Intervention de Yves Daudigny

Réunion du 10 juillet 2018 à 14h30
Liberté de choisir son avenir professionnel — Article 1er

Photo de Yves DaudignyYves Daudigny :

Monsieur le président, madame la ministre, mes chers collègues, l’article 1er est symptomatique d’une logique qui part de la conception d’un individu seul responsable de son employabilité.

À l’encontre de l’accord national interprofessionnel conclu entre les partenaires sociaux et signé le 22 février dernier, le CPF voit son unité de compte changer : les euros se substituent aux heures.

Or ce projet de loi ne crée aucune garantie quant au volume de formation, et la monétisation entraîne d’abord une diminution mécanique des droits des salariés.

Avec un montant de conversion annoncé de 14 euros pour une heure, alors que le coût moyen d’une heure de formation est aujourd’hui de 37, 80 euros, un salarié bénéficiera demain de 13 heures de formation par an contre 24 actuellement. Pour maintenir ne serait-ce que les droits existants, le CPF devrait être alimenté à hauteur de 912 euros par an.
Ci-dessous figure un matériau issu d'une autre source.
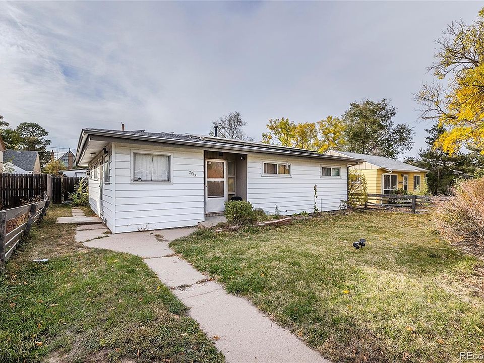 This home is in an older, established neighborhood, close to the newly remodeled Moorehead Rec Center, Stanley Marketplace, University of Colorado Medical Center, Children's Hospital, Eastbridge Town Center and an easy walk to the RTD bus stop (approx 2 blocks away), area parks, shopping and dining as well as a great area to bike in. A walk score of 78 makes this the perfect spot for your home. 1342 square feet gives this home one of the largest square feet for the area on one level!! Large Picture windows in the great room and dining room make for a light and bright home. Fenced yard with shed and garden area. The detached 1 car garage has a concrete pad to the side for one more car. New metal roof is being installed on your detached garage prior to closing. Some remodeling has been done, such as granite counter top, kitchen appliances and custom live edge island with cooktop, laundry room with sliding doors and solar. (*Solar is leased at approx $57 per month through SunRun and buyer will need to talk to SunRun to takeover the lease - easy process!). The rest of the cosmetics changes are up to you! Home is sold "AS-IS" and is priced accordingly.

Selon le secteur d’activité, la certification visée, la formation choisie et le dispositif mobilisé, le coût est très variable. Le prix d’une heure de formation est plus élevé dans le secteur de l’industrie, qui requiert des plateaux techniques, que dans le secteur tertiaire. En fixant un montant unique pour tous, non modulé en fonction des branches professionnelles, la monétisation pénalisera donc certains travailleurs et créera un reste à charge beaucoup plus important. Faute de pouvoir financer ce dernier, le salarié serait contraint de renoncer à son parcours de formation.

De plus, associée à la logique d’accès à la formation en trois clics sur le smartphone, sans intermédiation, la monétisation du CPF présente un risque évident d’inflation des coûts de formation.

Elle fait également courir le risque réel, à moyen ou à long terme, de fongibilité. Les fonds inscrits sur le CPF des personnes, et donc exclusivement dédiés aujourd’hui à la formation professionnelle, pourraient, demain, être orientés vers d’autres objets.

La non-revalorisation annuelle des montants de l’alimentation et du plafond du CPF, selon le taux d’inflation notamment, interroge et inquiète. La revalorisation est aujourd’hui automatiquement opérée avec le CPF en heures.

Enfin – et ce n’est pas anecdotique –, une personne nouvellement retraitée perd, aujourd’hui, au maximum 400 heures de CPF, comme le prévoit l’accord national interprofessionnel du 22 février 2018. Demain, elle pourrait être conduite à renoncer à 5 000 euros. Cette situation n’a pas le même impact psychologique : elle pourrait créer de la frustration, voire des contentieux et des abus.